Norm said:
Okay, I've seen statements to the effect that for a Dual CPU board to
function "properly", the two CPUs must be matched for
1. Type --- pretty obvious
Depends on how narrowly you define "type".
I have successfully run an Athlon XP and a Duron on the same Asus
motherboard. Worked fine with both CPUs running at 13 x 100 MHz.
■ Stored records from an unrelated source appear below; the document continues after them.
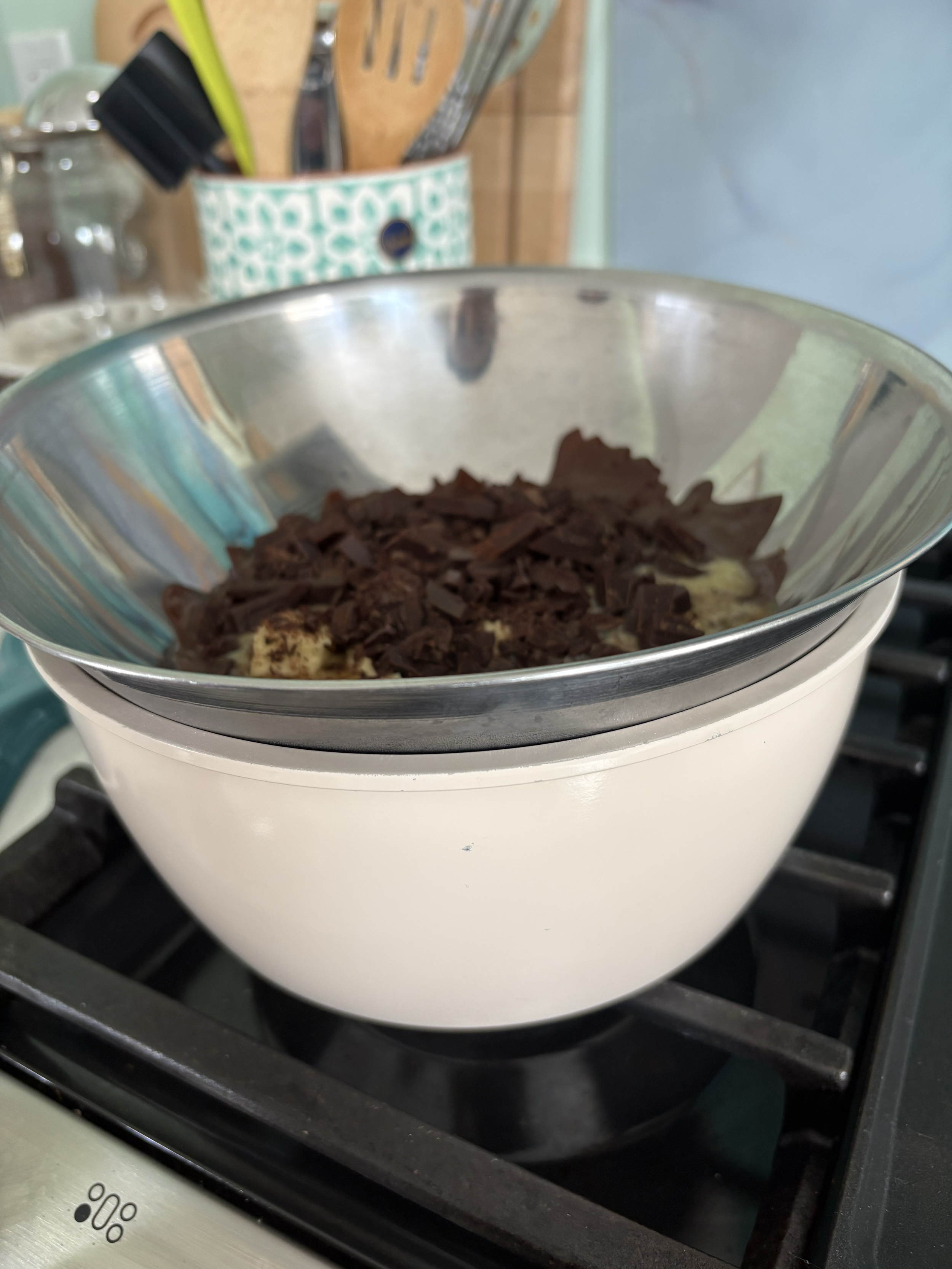 Add cocoa, espresso, and salt to the chocolate - UNTIL JUST COMBINED!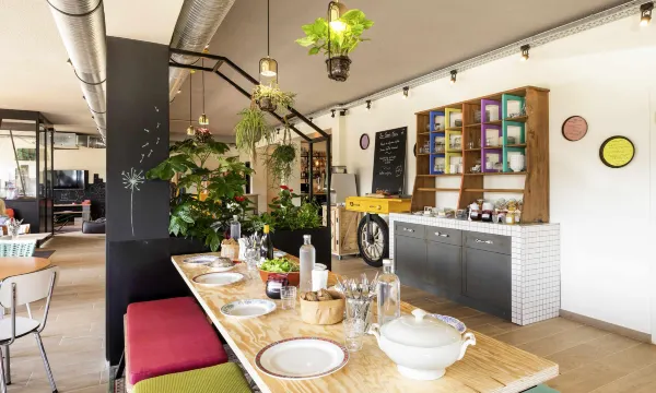 Hôtel très bien , un concept original ( produits locaux, terrasse, grand espace vert, piscine …)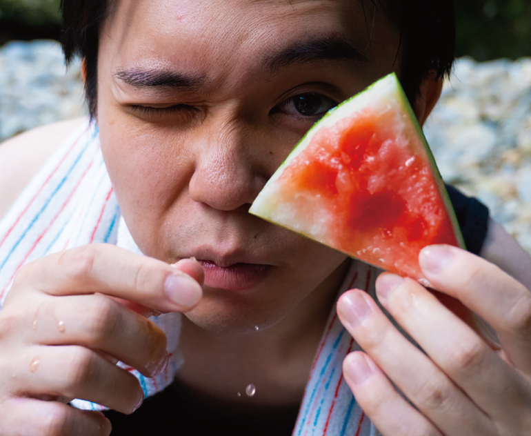 「川遊びをしたい!」という念願を叶え、川でスイカを持ってウィンクする友達のとびきりの笑顔を写真に収めました。滴る水滴、ウィンクした笑顔の一瞬が撮れたときは、達成感でいっぱいでした。その写真は、県内6大学による学生合同写真展にも出品し、写真展のポスターデザインも担当しました。企画会議では、6大学が集まる写真展ということから6枚の写真を使ったコラージュデザインを提案。一目見て写真展のポスターと分かるように、6人がそれぞれカメラのファインダーをのぞくポーズを集めて表現しました。自分の案からデザインが出来上がっていく、達成感のある経験でした。
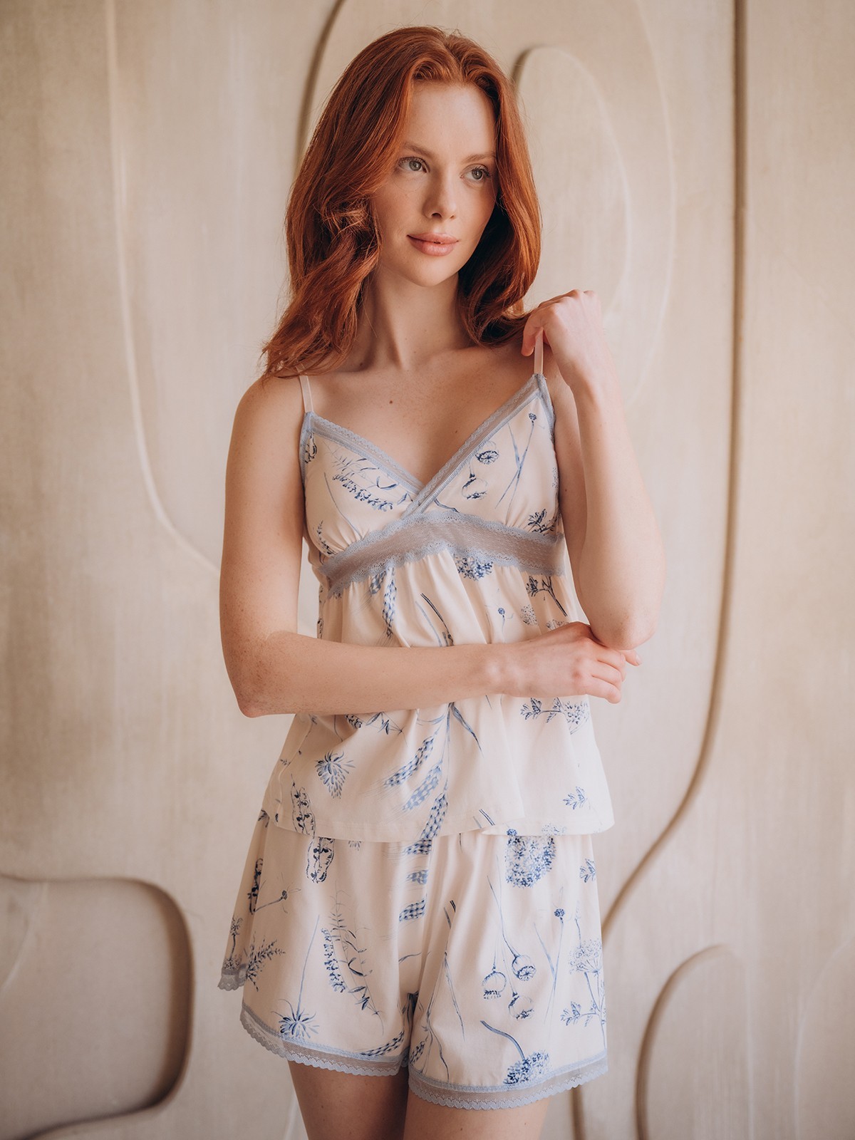 Пижама выполнена в белом цвете с нанесенным синим цветочным принтом.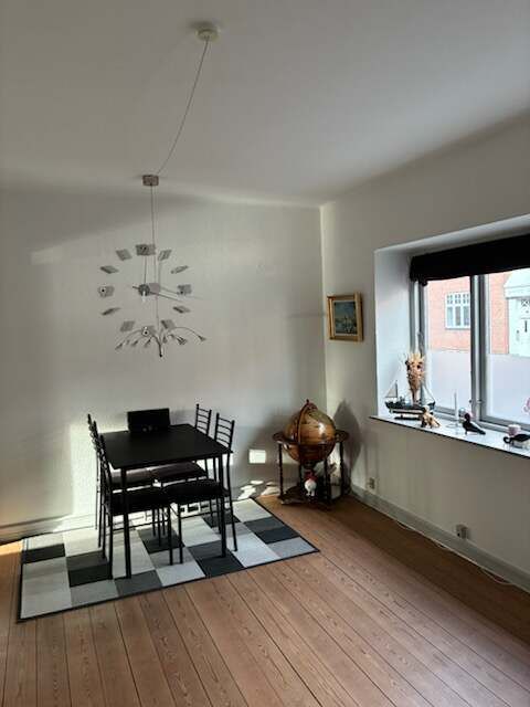 Lys 2-værelses på 59 m2 med fransk altan og charmerende plankegulve Velkommen til en velholdt 2-værelses lejlighed på 59 m2 med en funktionel planløsning og et behageligt lysindfald. Her får du to regulære rum, et separat køkken med vindue og et enkelt badeværelse – en nem og overskuelig base til hverdagen. Entréen samler boligen og leder videre til et lyst opholdsrum med flotte plankegulve. Rummet er let at indrette med både sofa- og spiseafsnit. Soveværelset ligger separat og byder på samme lyse udtryk. Køkkenet er tidløst i hvidt med god skabs- og bordplads, flisebeklædt bagvæg og vindue ved arbejdsområdet. Her er komfur med ovn, emhætte samt køle-/fryseskab – de vigtigste funktioner er på plads til en praktisk hverdag. Badeværelset er enkelt og funktionelt med bruser, håndvask, spejl og gulvafløb. Materialerne er holdt i lyse, neutrale toner med gennemgående trægulve i opholdsrum og soveværelse og et slidstærkt gulv i køkkenet. Lejligheden fremstår nydelig og lige til at tage i brug – oplagt til både single og par. Lyder det som noget for dig? Kontakt os for en fremvisning.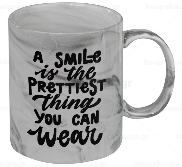 A smile is the prettiest thing you can wear, Mug ceramic marble style, 330ml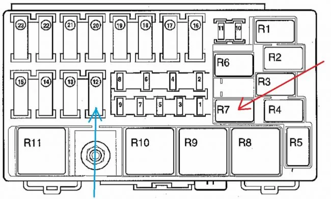 Синей стрелкой отметил предохранитель блока подогрева. Красной стрелкой отметил реле блока подогрева

2. Speed --- I guess as long as the system runs at the slower of the
two speeds it's probably okay but the same is best
Depends on the processors/motherboard/BIOS, but generally you are
pushing your luck if the speeds don't match. For example, I
have gotten away with speed mismatches between Athlon MPs on Tyan
S2460 or S2466 motherboards, but not on Asus or MSI motherboards
that uses exactly the same AMD 760 or 760MPX chipset. And, yes,
on the Tyan boards the processors both ran at the speed of the
slower one.
3. Revision/Stepping -- Huh? Why?
Intel processors are a lot fussier about this than AMD processors
are. With the Athlon MPs and the Opterons, so long as the
processors are the same speed, chances are they will play nicely
together.
I have added a second processor to about a half dozen systems
that initially had a single Opteron 24x processor and it has
worked every single time even though absolutely no effort was
made to match revision/stepping - and an AMD techie had advised
me that I needed to make no such effort. That same techie,
however, advised me that when SSE3 capable Opterons become
available this might not hold true any longer.